→ **INPUT**:
---+---
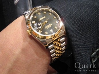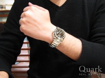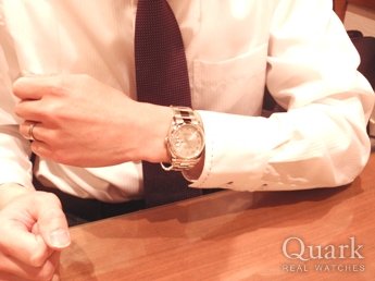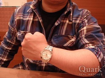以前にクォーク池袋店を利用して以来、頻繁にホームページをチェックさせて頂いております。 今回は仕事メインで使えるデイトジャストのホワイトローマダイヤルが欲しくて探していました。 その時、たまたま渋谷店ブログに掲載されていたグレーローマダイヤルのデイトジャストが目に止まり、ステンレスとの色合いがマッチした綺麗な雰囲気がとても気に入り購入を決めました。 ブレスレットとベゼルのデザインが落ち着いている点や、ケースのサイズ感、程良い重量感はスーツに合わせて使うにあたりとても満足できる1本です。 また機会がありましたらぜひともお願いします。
---+---
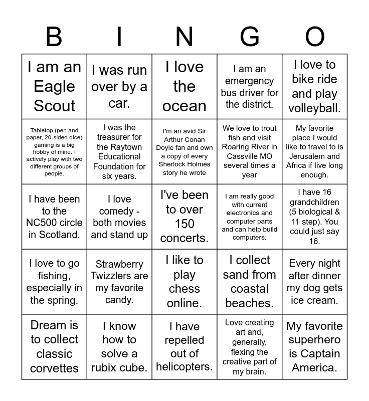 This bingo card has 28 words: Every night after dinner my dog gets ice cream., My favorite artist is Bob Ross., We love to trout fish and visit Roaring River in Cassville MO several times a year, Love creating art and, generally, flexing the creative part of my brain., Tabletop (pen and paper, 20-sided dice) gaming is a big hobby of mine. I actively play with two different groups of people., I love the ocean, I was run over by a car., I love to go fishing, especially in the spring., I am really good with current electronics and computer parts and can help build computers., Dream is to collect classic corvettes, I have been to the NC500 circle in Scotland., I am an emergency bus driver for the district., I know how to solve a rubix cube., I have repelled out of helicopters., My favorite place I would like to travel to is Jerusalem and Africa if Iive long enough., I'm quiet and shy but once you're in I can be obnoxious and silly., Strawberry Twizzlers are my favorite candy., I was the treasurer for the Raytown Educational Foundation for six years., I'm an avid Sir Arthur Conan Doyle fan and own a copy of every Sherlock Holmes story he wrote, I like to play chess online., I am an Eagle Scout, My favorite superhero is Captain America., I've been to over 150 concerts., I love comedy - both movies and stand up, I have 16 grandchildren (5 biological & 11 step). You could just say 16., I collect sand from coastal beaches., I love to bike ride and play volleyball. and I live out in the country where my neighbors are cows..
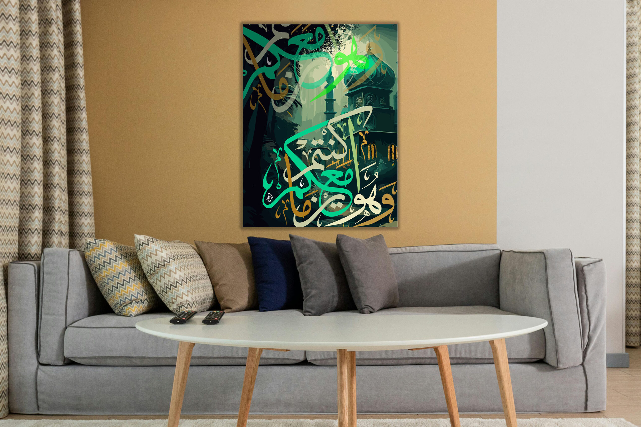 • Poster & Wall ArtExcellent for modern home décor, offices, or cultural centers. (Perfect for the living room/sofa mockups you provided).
---+---
→ **EXERCISE BRIEF**:
What you need to produce is an exact copy of the entries above, limited to the lines from the one with "This bingo card" up to and including the one with "mockups you provided).", without pictures.

→ **RESPONSE BELOW**:
 This bingo card has 28 words: Every night after dinner my dog gets ice cream., My favorite artist is Bob Ross., We love to trout fish and visit Roaring River in Cassville MO several times a year, Love creating art and, generally, flexing the creative part of my brain., Tabletop (pen and paper, 20-sided dice) gaming is a big hobby of mine. I actively play with two different groups of people., I love the ocean, I was run over by a car., I love to go fishing, especially in the spring., I am really good with current electronics and computer parts and can help build computers., Dream is to collect classic corvettes, I have been to the NC500 circle in Scotland., I am an emergency bus driver for the district., I know how to solve a rubix cube., I have repelled out of helicopters., My favorite place I would like to travel to is Jerusalem and Africa if Iive long enough., I'm quiet and shy but once you're in I can be obnoxious and silly., Strawberry Twizzlers are my favorite candy., I was the treasurer for the Raytown Educational Foundation for six years., I'm an avid Sir Arthur Conan Doyle fan and own a copy of every Sherlock Holmes story he wrote, I like to play chess online., I am an Eagle Scout, My favorite superhero is Captain America., I've been to over 150 concerts., I love comedy - both movies and stand up, I have 16 grandchildren (5 biological & 11 step). You could just say 16., I collect sand from coastal beaches., I love to bike ride and play volleyball. and I live out in the country where my neighbors are cows..
 • Poster & Wall ArtExcellent for modern home décor, offices, or cultural centers. (Perfect for the living room/sofa mockups you provided).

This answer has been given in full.